▸ Data for review:

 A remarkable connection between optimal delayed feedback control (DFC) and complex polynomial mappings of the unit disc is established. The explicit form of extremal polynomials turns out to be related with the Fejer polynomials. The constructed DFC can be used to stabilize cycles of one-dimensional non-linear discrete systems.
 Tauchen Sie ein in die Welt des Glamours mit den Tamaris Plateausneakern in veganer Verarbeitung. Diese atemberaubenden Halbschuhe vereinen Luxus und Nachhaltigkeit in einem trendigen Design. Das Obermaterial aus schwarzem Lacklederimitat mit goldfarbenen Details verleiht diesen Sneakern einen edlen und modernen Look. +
==
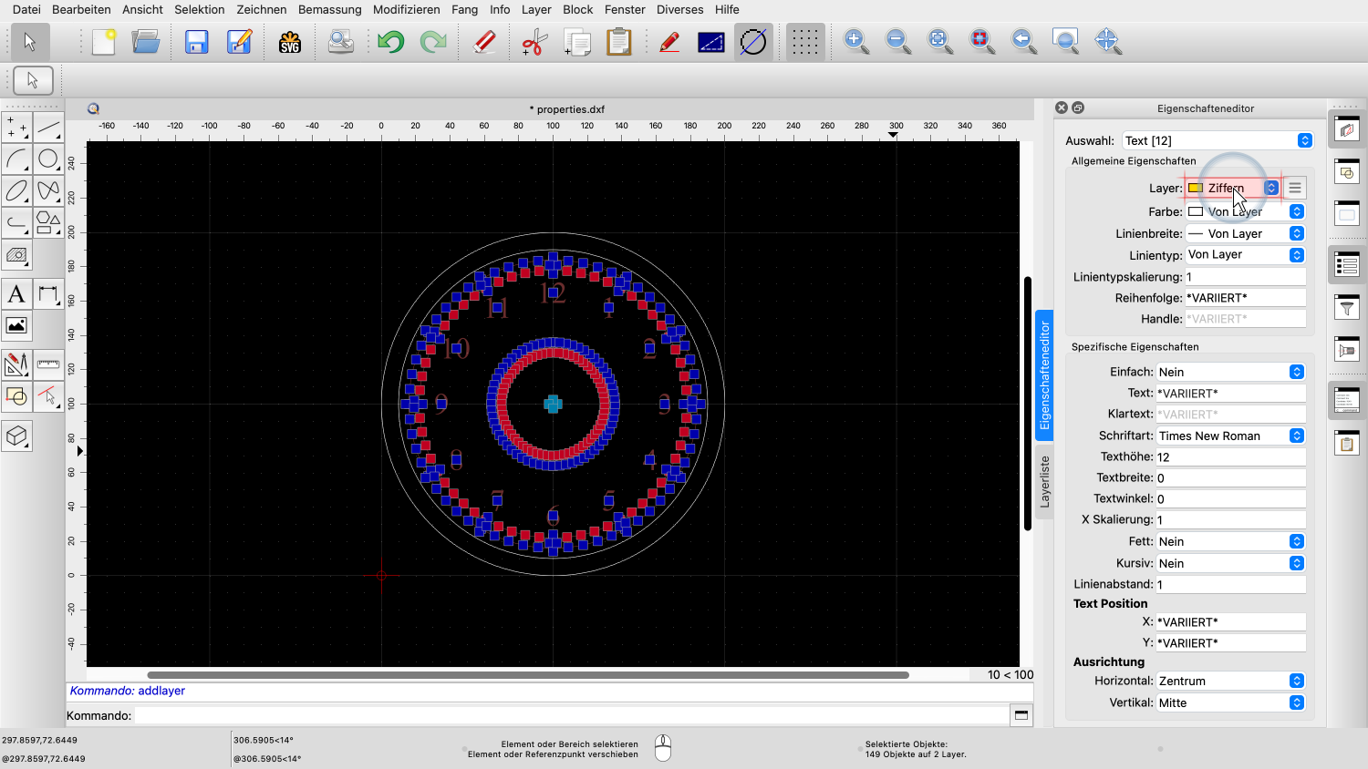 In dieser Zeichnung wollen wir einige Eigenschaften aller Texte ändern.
==
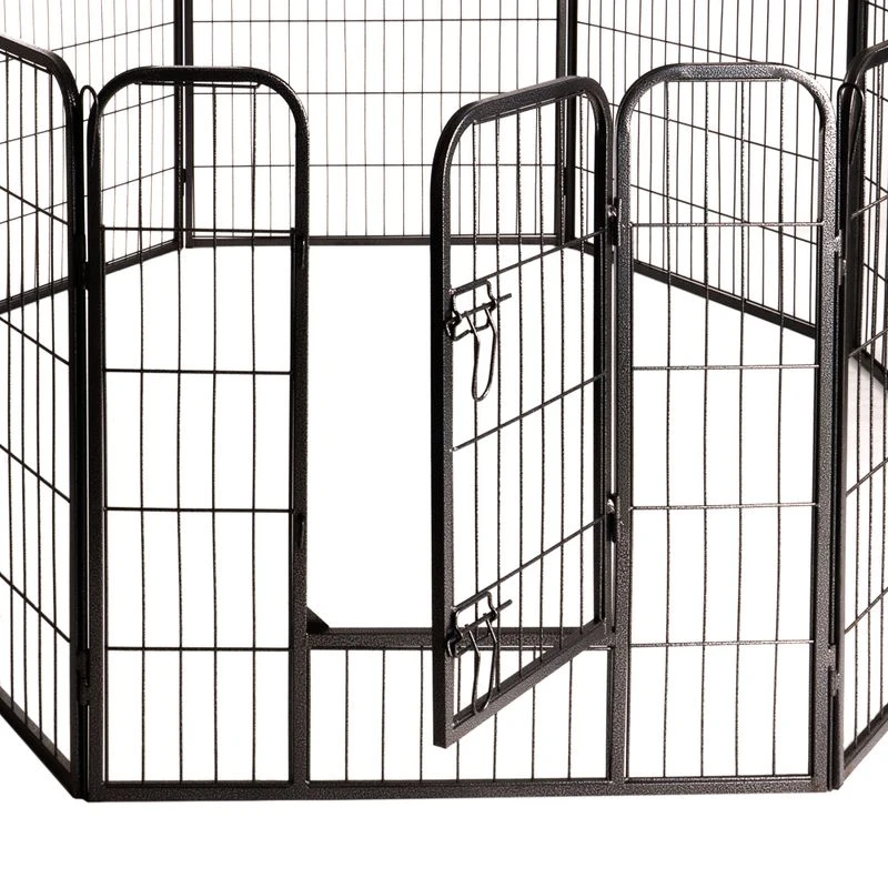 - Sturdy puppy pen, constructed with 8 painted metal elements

▸ Work instruction:
Find the line with "A remarkable connection" in the entries above. Retype it and each line after it, exactly, through the line with "Tauchen Sie ein", and stop there.

▸ Result of this exercise:
 A remarkable connection between optimal delayed feedback control (DFC) and complex polynomial mappings of the unit disc is established. The explicit form of extremal polynomials turns out to be related with the Fejer polynomials. The constructed DFC can be used to stabilize cycles of one-dimensional non-linear discrete systems.
 Tauchen Sie ein in die Welt des Glamours mit den Tamaris Plateausneakern in veganer Verarbeitung. Diese atemberaubenden Halbschuhe vereinen Luxus und Nachhaltigkeit in einem trendigen Design. Das Obermaterial aus schwarzem Lacklederimitat mit goldfarbenen Details verleiht diesen Sneakern einen edlen und modernen Look. +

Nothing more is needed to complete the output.